I touched the spot where the bullet had imbedded itself in the leather-backed volume with a hand that might have been palsied, it was still shaking so badly. Then I stuffed the book away into my own pocket, breathing a silent prayer of deep gratitude to the God that was good enough to give me a second chance.

"I shall never again twit you about your scribblings, Watson," I whispered at long last, finally looking him in the eyes for the first time.

His mouth turned upward in a small but shaky grin, and he allowed me to help him to his feet.

He swayed unsteadily, and I caught his arm as he flinched with the pain – he was certainly going to be in a good deal of it from a bruise of that size.

I asked him once more if he was sure he was all right, and he replied with another firm yes, trying to get my fractured nerves to settle down somewhat.

Behind us, I heard Inspector Lestrade clear his throat self-consciously. I colored slightly at the knowledge that I had lost every shred of composure, and in front of two Scotland Yard inspectors, to boot!

Watson again sensed my discomfort and performed the duties of thanking the men for rescuing us from the clutches of that fiend now lying dead on the floor of the bedroom.

Lestrade expressed his gratitude that they had arrived in time. I followed Watson's gaze as he spoke, down to the man lying on the floor, and I felt him shudder with loathing as he looked at the man that had almost killed him.

I tightened my grip on his arm, and he looked at me gratefully, saying nothing.

He has not yet told me of what took place during that interview, those twenty minutes he spent facing Colonel Moran all alone in his little bedroom. And I somehow doubt that he ever will. I can only use my imagination as to what took place, and I rather think I do not wish to know. I shall have nightmares enough over this evening's events.

I am thinking that Watson and I need to get away for a week or two, perhaps somewhere in the country, where we can relax and heal – he physically, and I mentally, from the horrors we were subjected to last night.
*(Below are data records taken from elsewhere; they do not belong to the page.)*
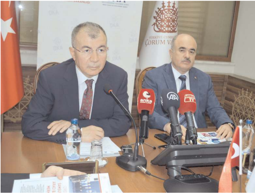
Toplantı Amasya Valisi Yılmaz Doruk başkanlığında gerçekleştirildi.

Encümen toplantısının ardından YHKB Meclis toplantısı gerçekleştirildi. Toplantıda 2024 yılı Birlik Çalışma Programı, 2024 yılı Birlik Bütçesi ve 2024 yılı Birlik Üye Katılım Payları görüşülerek karara bağlandı.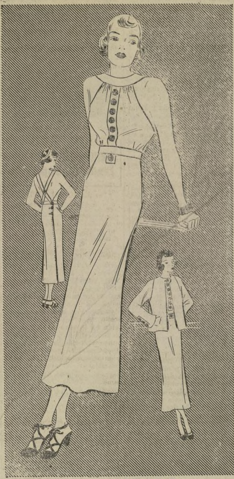
VESTIDO DESCOTADO CON CHAQUETA SEPARADA

1649-B.—El modelo que ilustramos hoy de espaldas escotada es propio para tomar baños de sol, y no debe de faltar en ningún guardarropa de verano. Además, tiene la ventaja de que puede usarse para la calle con chaquetas contrastantes. La que incluimos con este traje es sumamente elegante. Este traje se puede interpretar en seda, hilo, algodón y crepé sintético. La falda es angosta, de silueta recta y de un largo de 12 pulgadas del suelo, correcto para usar con zapatos de tacón bajo. La parte posterior de la falda tiene un pliegue que la hace amplia suficiente. Los tirantes de la espalda mantienen el vestido siempre cerrado. Los fruncidos del escote lucen muy atractivos en los vestidos de este estilo. Estos están sujetos al cuello que se une a la parte posterior a los tirantes. El único adorno del traje consiste en la banda del frente con una hilera de botones de color contrastante.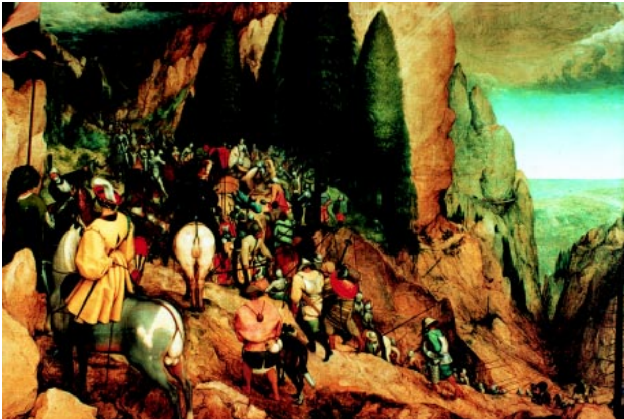
P. Brueghel: Conversion of Sct. Paul.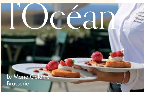
Le Marie Galante Brasserie

Hôtel Le Grand Large Goulphar - Belle-Île-en-Mer 02 97 31 80 92 www.hotelgrandlarge.com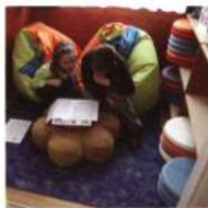
Felső-szentivánon babzsákokkal, üléspárnákkal berendezett kuckó várja a gyerekeket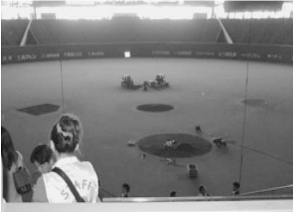
図2. 自然光が取り入れられた札幌ドーム

これらの施設見学を通して地方行政における環境への対策について子どもたちは学ぶことができた。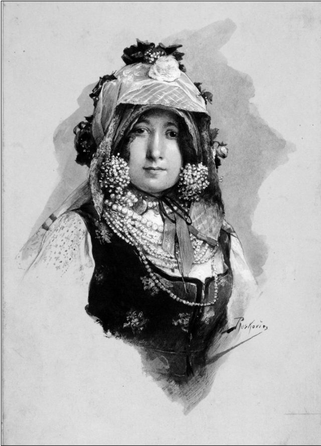
Roskovics Ignác: Sokác menyecske (1891 e.), a MNG kölcsönzése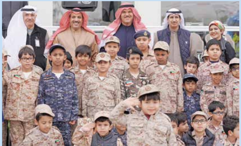
رئيس الطيران المدني الشيخ سلمان الحمود يتوسط م. دعيج العتيبي وعزت العريان وم. صالح الفداغي وم. سعد العتيبي ومنال مقصيد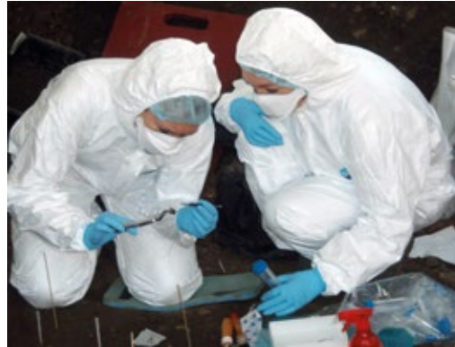
Onder steriele omstandigheden verzamelden universitaire specialisten tijdens de opgraving botmonsters voor DNA-onderzoek

Op het grafveld lagen niet alleen mensen, maar ook twee paarden, elk in een eigen kuil. Het waren twee jonge hengsten, die met hun leeftijd van rond de vier jaar nog niet of nauwelijks als rijdier zullen zijn gebruikt. Ze waren ongeveer even groot, met een schofthoogte van anderhalve meter. De dieren zijn niet gevild, zoals gebruikelijk was. Ze zijn zorgvuldig in dezelfde houding in hun graf neergelegd, op hun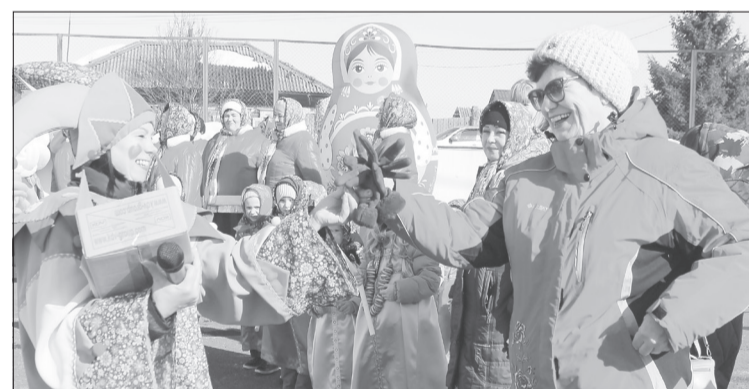
На празднике в Хохлово к играм охотно подключались не только дети, но и взрослые

- На наших площадках прошли семейные конкурсы, спортивные и патриотические мероприятия, благотворитель-

I shall bring the idea to his attention first thing tomorrow.

This morning, rather, since it is nearly morning now.

As I sit here, writing out my thoughts of this dreadful tale, I can slowly feel the absolute lack of control I had starting to dissipate, and I feel somewhat better now. The main thing I had to fear in this life has now been removed from the world, for good – Moran will never have the chance to harm Watson again. I am beginning to return to my normal self, very slowly.

I look over at my friend, sleeping peacefully now at last, on the couch. He had no desire to sleep in that bedroom tonight, and I full well know why. Someday, perhaps, we shall forget the horrors of the evening.

But for now, I know it to be necessary that I remember these events vividly and poignantly.

Providence has given me another chance at life, life with the only person in the world I actually can name a friend, and I swear before God I shall not take this gift lightly.